There is also some built-in knowledge of the Ivy League. Not necessarily personnel, but navigating a variety of added restrictions in place. Yes, the NCAA’s recruiting rules have changed since Kirwan left Brown for Virginia after the 2016 season. But there remains some hands-on experience.

One bit of it certainly appealed to Harrity. As part of the interview process, Kirwan presented a case study of Brown’s improvement in his two years with the Bears, who went from a mostly conventional team to an up-tempo dynamo led by Tewaaraton Award winner Dylan Molloy.

“There was a lot of similarity that Sean saw from afar,” Harrity said. “He’d watched a lot of film of us and was very familiar with the way we play, the men on our team, even back recruiting, he knew who they were as people and players. That was really compelling that he had been a part of a transformation within the league with all the same opportunities and dynamics that exist with the realities of an Ivy League institution.”

One of those realities is not surprising for institutions that reside in the elite academic echelon without the demands of a Power Five program: Athletics, school and outside interests tend to exist in greater balance.

But that can be something a coach outside the Ivy might underestimate, which further underscores the value of Kirwan’s time at Brown.

“We’ve seen the Ivies do fantastic with a limited schedule and restrictions that come from the Ivy League office,” Tiffany said. “But I do think it helps that you’ve been in the Ivy League to understand, ‘This guy’s really committed, but he also has passion for biology, for international relations and he’s going to jump on that committee and he’s not coming by tomorrow to do extra shooting.’ And that’s OK.”

It isn’t difficult to imagine what Kirwan’s ideal team will look like, given the potent offenses he’s helped field over the years.
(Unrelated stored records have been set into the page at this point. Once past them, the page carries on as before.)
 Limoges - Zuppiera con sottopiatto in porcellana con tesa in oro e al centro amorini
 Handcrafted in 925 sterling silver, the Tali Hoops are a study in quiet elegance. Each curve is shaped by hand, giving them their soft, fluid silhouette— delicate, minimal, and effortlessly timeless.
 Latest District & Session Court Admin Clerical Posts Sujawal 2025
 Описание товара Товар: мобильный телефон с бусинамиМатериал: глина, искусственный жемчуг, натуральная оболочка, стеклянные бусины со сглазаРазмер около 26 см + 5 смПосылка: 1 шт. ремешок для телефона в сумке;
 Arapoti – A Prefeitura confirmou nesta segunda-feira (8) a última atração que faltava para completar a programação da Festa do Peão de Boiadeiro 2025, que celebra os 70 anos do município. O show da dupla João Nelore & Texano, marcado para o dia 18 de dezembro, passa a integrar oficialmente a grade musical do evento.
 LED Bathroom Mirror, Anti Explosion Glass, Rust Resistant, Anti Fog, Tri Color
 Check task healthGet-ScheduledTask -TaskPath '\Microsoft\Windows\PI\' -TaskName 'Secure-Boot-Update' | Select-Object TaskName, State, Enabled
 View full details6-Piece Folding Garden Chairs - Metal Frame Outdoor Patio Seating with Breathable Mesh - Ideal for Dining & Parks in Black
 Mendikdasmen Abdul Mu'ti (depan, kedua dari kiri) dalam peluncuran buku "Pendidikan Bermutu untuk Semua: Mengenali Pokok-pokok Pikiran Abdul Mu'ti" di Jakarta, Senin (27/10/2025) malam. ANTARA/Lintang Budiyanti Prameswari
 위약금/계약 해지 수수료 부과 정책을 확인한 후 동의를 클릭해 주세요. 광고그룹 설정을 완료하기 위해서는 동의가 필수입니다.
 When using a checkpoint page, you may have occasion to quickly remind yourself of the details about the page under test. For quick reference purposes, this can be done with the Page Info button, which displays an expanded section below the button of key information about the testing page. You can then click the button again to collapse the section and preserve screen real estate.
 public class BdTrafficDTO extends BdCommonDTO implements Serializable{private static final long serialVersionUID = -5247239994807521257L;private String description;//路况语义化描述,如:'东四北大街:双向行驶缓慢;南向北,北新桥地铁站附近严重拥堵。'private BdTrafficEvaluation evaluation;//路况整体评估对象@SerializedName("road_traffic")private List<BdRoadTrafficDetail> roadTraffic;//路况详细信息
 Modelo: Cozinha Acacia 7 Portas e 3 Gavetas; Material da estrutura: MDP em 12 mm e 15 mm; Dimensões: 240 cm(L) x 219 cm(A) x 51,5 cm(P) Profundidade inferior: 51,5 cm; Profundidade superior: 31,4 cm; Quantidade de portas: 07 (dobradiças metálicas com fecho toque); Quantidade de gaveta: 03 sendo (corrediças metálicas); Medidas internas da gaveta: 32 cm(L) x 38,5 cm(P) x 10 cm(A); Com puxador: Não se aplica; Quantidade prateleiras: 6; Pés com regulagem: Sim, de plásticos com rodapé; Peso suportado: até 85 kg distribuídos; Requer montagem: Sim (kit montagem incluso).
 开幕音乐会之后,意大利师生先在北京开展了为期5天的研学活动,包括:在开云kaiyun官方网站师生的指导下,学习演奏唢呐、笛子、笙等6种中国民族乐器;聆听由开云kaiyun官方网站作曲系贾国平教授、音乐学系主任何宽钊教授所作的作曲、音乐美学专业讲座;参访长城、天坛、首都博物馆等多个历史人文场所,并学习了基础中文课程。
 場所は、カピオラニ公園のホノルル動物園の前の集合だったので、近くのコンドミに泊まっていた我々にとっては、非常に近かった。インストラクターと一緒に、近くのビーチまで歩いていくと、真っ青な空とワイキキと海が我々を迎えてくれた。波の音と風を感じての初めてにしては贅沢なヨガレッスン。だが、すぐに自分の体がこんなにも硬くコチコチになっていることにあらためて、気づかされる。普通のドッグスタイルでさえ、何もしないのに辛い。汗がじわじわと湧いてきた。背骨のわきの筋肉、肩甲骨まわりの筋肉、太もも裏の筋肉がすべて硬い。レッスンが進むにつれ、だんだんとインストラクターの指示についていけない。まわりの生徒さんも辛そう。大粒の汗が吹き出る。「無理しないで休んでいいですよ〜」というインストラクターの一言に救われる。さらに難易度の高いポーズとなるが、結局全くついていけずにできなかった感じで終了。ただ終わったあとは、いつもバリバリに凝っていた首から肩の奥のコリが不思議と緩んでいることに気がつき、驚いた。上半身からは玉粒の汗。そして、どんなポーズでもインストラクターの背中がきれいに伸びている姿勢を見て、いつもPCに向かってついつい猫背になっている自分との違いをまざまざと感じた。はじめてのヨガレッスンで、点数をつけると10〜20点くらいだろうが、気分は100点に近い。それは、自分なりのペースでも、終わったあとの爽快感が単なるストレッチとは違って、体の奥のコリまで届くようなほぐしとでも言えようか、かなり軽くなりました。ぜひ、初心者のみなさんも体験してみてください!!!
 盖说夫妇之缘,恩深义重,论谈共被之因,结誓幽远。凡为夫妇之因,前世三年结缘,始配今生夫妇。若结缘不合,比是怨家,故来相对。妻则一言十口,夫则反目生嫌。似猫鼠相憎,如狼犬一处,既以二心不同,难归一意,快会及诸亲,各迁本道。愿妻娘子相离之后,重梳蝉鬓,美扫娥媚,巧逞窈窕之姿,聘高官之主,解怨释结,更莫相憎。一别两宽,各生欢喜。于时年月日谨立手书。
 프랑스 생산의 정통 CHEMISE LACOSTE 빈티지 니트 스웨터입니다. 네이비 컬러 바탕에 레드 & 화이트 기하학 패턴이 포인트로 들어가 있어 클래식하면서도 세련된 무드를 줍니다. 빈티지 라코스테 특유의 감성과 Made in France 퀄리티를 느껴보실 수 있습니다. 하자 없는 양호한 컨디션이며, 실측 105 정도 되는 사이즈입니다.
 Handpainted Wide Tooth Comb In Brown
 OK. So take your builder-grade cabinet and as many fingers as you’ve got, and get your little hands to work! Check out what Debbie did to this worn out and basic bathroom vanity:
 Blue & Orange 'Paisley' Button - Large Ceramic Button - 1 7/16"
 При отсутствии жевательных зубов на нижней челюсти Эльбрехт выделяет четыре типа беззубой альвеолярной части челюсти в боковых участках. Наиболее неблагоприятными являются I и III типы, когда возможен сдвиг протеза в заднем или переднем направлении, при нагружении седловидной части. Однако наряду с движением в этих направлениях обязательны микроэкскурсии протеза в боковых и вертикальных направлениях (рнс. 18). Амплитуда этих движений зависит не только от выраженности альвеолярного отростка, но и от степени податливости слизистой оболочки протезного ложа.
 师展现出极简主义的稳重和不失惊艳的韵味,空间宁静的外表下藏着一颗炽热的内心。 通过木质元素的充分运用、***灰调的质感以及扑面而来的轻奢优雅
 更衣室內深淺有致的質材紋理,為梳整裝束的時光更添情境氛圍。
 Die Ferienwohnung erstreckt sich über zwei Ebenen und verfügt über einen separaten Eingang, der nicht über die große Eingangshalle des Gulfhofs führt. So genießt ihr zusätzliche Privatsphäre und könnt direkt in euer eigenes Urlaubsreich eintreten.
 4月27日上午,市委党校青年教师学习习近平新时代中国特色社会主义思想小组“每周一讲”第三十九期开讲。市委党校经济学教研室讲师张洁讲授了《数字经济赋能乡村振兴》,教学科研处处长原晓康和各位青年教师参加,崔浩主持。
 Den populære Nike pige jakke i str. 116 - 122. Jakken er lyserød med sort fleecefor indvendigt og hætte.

And all that time as a coordinator gave him time to think about his vision for his own program.

“He’s going to establish a really high standard of excellence,” Harrity said. “Why not Dartmouth? We can strive toward excellence here. I expect us to get better every day, every week, every month. I know we will with him as the leader, and I can’t wait to partner with him to absolutely elevate this program.”

And that process is already underway, with Kirwan scrambling to fill out a staff and getting on the road this summer. But eight months before his first game as a head coach, he’s already accomplished something remarkable.

He’s ensured that Dartmouth will be one of the most intriguing teams of the offseason — and, the Big Green undoubtedly hopes, well beyond that.

“I know this is not going to be easy,” Kirwan said. “It’s going to take a lot of work, but with everything we’ve spelled out, there is a path and there is a road map. It is getting clearer and clearer by the day. We know that that’s just the beginning of this thing. It’s going to take a lot of hard work and a lot of tough hours, some failure, hopefully some success we can rally around as well. But man am I excited for the challenge.”